01/05/00
The CTA Wednesday introduced the pilot model of a new group of low-floor, air-conditioned buses that will serve CTA customers through the early years of the 21st Century. The pilot bus will be reviewed by CTA operating departments and the ADA Advisory Board to determine if any design changes are needed before production begins. Plans call for the first of 150 buses to be delivered this summer.
CTA plans to purchase 450 of the buses by the year 2002. Under CTA's proposed 2000-2004 Capital Improvement Plan (CIP), another 542 new buses are to be purchased by 2004, allowing for replacement of more than half of the current CTA fleet.
The purchase of the first 150 buses was approved by the CTA Board in July, 1998, under a competitively bid $38.7 million contract that was awarded to Nova BUS Inc., which will assemble the buses in Schenectady, New York. A surveillance system and vandal-resistant windows will be on the buses when they are delivered.

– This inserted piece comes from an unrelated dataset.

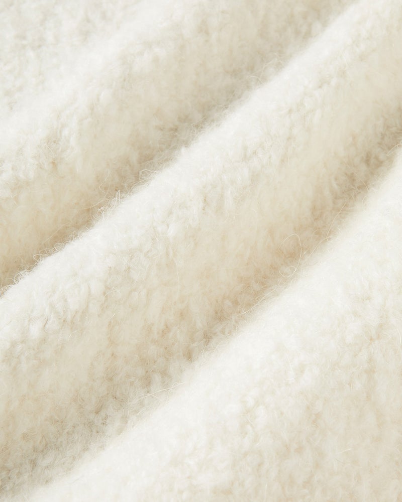 こちらのニットはアルパカ混ニットのふわふわもこもことした風合いですので、ボリュームを感じられたかもしれません。暖かみのあるかわいい風合いをお楽しみいただけますと幸いですが、ご着用が難しい場合はお気軽にお客様サービスセンターまでご相談下さいませ。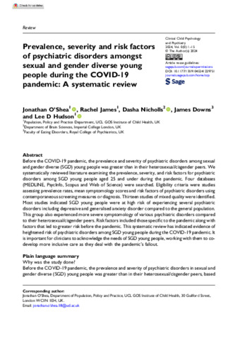 | Title: | Prevalence, severity and risk factors of psychiatric disorders amongst sexual and gender diverse young people during the COVID-19 pandemic: A systematic review |

A contract option to purchase up to 160 additional buses was exercised by the CTA Board at its November, 1999 meeting, and calls for delivery in 2001. By exercising a second option in the contract, the total number of buses purchased from Nova would reach 450 by 2002. The average price for each Nova bus would be $239,000.
"We?re trying to plan for around 150 buses to be delivered each year so we can maintain our fleet more efficiently," said CTA President Frank Kruesi. 'smaller groups of buses are easier to bring on line, to maintain once they are in service, and to replace when they reach retirement age. We also want the arrival of new buses to be something our customers can look forward to regularly."
Sporting a state-of-the-art, picture-window design, the Nova buses are 40 feet long and have double front doors that create a four-foot-wide entrance. Floors are only 14.5 inches off the ground, or about 20 inches lower than the third step on a standard bus. A kneeling feature can lower the front step an additional four inches, making it easier for seniors to board.
The low floor eliminates the need for a lift. Instead, a hydraulic front-door ramp can be extended from the floor of the bus to allow wheelchair access for persons with disabilities.
Besides air-conditioning, the Nova buses have hopper windows above the large fixed side windows that can be opened for ventilation. There are seats for 37 customers, including two bench seats that can be flipped up to secure space for wheelchairs, and others that are on an elevated deck in the rear. The rear exit is at the same level as the front entrance.
The CTA also announced Wednesday that work has been completed on the first of 490 buses scheduled for overhaul at its Bus Heavy Maintenance facility on the South Side. Delivered in 1990-91 from the Transportation Manufacturing Corporation, of Roswell, New Mexico, 475 of these vehicles were CTA's first mainline buses to be equipped with front-door lifts for persons with disabilities. At the time they were ordered, CTA did not require the buses to be air-conditioned.
The overhaul was undertaken to ensure a minimum 15 years of service for the buses. It was also seen as an opportunity to enhance passenger comfort by installing air-conditioning on these buses once a contract has been awarded later this year.
Among other improvements will be the conversion of seat inserts to a vandal-resistant fabric, the replacement of touch bars on rear doors for easier exiting, and the sealing of air leaks around windows and doors for better climate control.
"These buses still have several good years left in them," President Kruesi said, "and we want our customers to be comfortable riding them in summer as well as winter. Providing air-conditioning as part of this mid-life bus overhaul is essential to making our service on-time, clean, safe and friendly."
The CTA's 2000-2004 CIP also calls for replacing aging high-capacity articulated buses that are used on such heavily traveled routes as the #6 Jeffery Express, #14 South Lake Shore Express and #147 Outer Drive Express. About 75 of these buses, which entered service in 1982, are still in operation, and will be replaced by new low-floor models with air-conditioning.
Under the 2000-2004 CIP, CTA would also replace about 467 buses that were received from the Flxible Corporation of Delaware, Ohio, in 1991. These were the first CTA buses equipped with both air-conditioning and lifts, so their replacement would complete a purchasing and overhaul cycle that would leave the CTA with a fleet that is almost 100 percent air-conditioned and accessible.